### Records provided
<<<<

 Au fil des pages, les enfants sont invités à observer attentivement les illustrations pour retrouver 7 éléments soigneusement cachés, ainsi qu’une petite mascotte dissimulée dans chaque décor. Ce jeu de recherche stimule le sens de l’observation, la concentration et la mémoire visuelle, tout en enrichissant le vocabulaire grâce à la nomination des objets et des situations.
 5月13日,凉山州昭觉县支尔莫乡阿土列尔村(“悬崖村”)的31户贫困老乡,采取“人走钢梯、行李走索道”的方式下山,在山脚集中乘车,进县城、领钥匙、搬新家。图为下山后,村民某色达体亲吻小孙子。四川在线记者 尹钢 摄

>>>>
<<<<

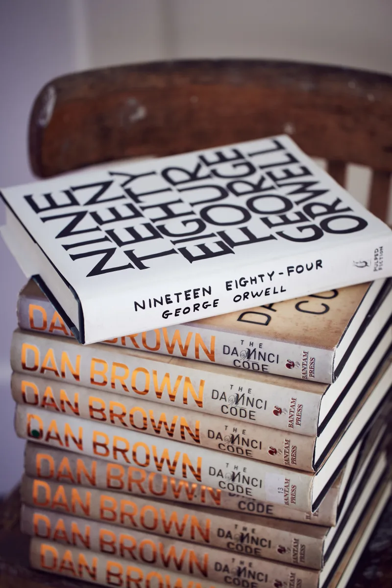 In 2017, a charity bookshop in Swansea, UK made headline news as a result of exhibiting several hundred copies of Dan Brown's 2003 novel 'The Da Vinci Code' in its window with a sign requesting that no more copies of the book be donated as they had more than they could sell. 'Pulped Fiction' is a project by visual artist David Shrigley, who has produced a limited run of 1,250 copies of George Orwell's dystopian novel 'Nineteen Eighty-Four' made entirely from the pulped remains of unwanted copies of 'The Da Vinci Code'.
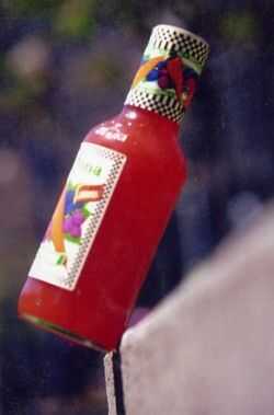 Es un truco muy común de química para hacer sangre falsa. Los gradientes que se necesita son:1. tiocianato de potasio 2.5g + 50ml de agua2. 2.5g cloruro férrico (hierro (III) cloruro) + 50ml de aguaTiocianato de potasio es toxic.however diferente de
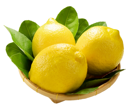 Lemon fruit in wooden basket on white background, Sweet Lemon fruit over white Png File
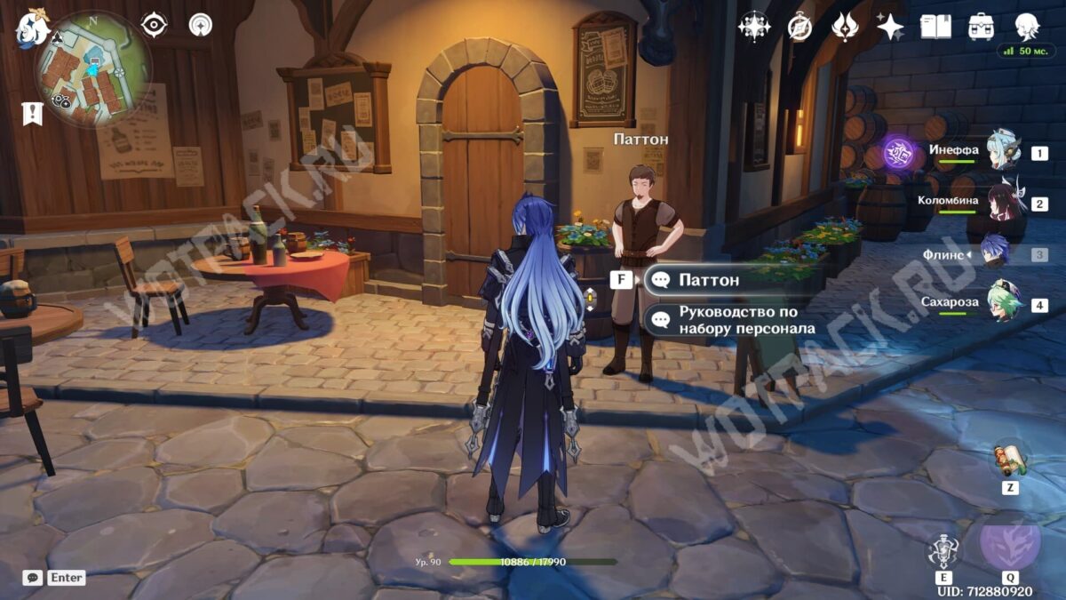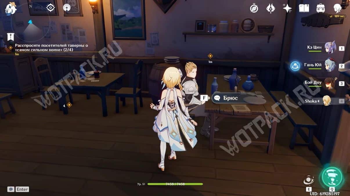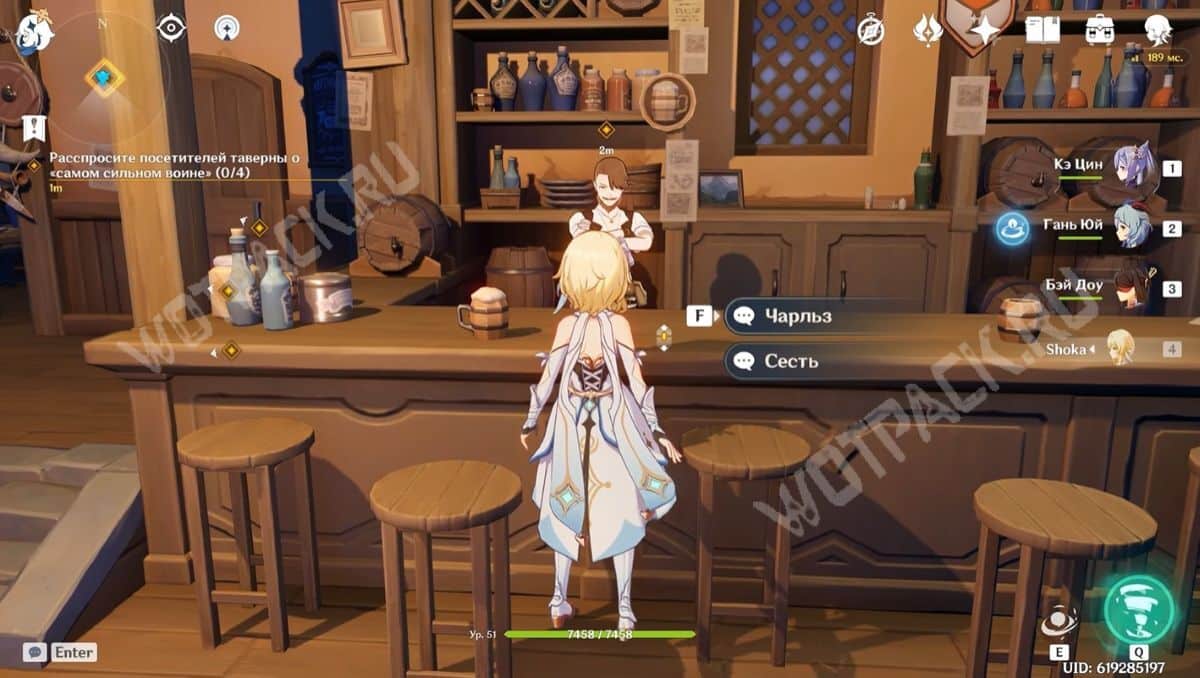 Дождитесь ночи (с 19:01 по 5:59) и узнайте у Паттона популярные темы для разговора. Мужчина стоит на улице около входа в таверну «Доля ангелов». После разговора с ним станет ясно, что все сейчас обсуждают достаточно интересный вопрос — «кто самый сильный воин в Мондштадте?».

>>>>
<<<<

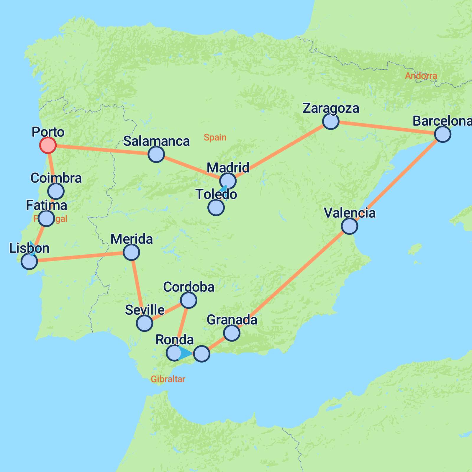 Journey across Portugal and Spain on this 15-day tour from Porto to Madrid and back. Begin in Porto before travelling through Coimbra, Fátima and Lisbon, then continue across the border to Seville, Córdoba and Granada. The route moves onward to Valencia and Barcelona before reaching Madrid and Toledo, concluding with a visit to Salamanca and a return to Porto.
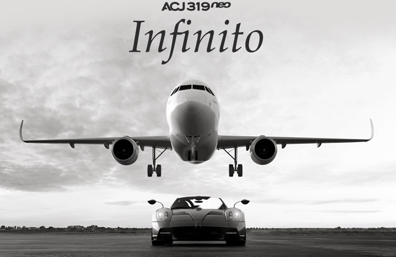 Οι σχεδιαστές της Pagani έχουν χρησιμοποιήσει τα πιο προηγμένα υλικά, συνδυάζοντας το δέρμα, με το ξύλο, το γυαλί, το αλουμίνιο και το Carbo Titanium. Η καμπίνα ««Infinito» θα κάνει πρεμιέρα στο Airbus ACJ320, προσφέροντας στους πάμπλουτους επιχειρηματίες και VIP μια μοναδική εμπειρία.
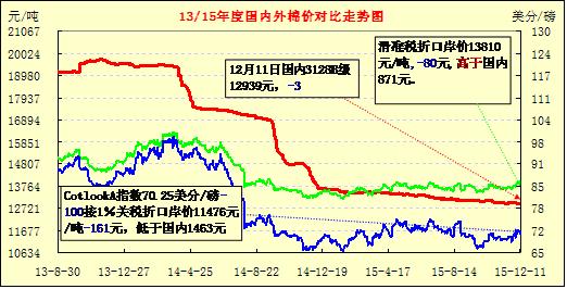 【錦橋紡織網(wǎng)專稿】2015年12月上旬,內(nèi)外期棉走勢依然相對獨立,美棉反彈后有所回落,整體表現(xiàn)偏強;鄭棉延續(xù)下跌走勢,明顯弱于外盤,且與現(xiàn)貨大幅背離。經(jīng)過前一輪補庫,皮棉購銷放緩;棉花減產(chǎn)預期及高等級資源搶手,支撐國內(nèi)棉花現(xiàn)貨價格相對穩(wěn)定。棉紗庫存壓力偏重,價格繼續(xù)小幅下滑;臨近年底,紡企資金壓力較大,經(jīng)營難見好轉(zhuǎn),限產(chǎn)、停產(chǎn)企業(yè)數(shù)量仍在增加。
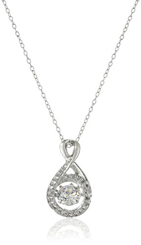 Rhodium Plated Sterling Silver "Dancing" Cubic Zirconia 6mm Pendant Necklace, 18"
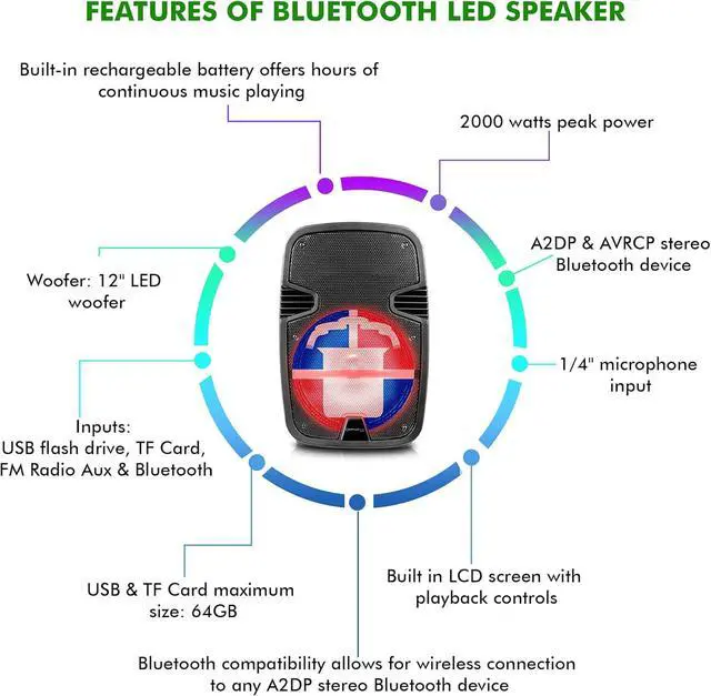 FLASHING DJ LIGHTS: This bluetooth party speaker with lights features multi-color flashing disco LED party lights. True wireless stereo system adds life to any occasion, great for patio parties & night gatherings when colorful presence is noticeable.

>>>>

### Task details
Take only the lines above from the one that has "Es un truco" through the one that has "Дождитесь ночи (с" and reproduce them exactly, omitting any pictures.

### Exercise solution
 Es un truco muy común de química para hacer sangre falsa. Los gradientes que se necesita son:1. tiocianato de potasio 2.5g + 50ml de agua2. 2.5g cloruro férrico (hierro (III) cloruro) + 50ml de aguaTiocianato de potasio es toxic.however diferente de
 Lemon fruit in wooden basket on white background, Sweet Lemon fruit over white Png File
 Дождитесь ночи (с 19:01 по 5:59) и узнайте у Паттона популярные темы для разговора. Мужчина стоит на улице около входа в таверну «Доля ангелов». После разговора с ним станет ясно, что все сейчас обсуждают достаточно интересный вопрос — «кто самый сильный воин в Мондштадте?».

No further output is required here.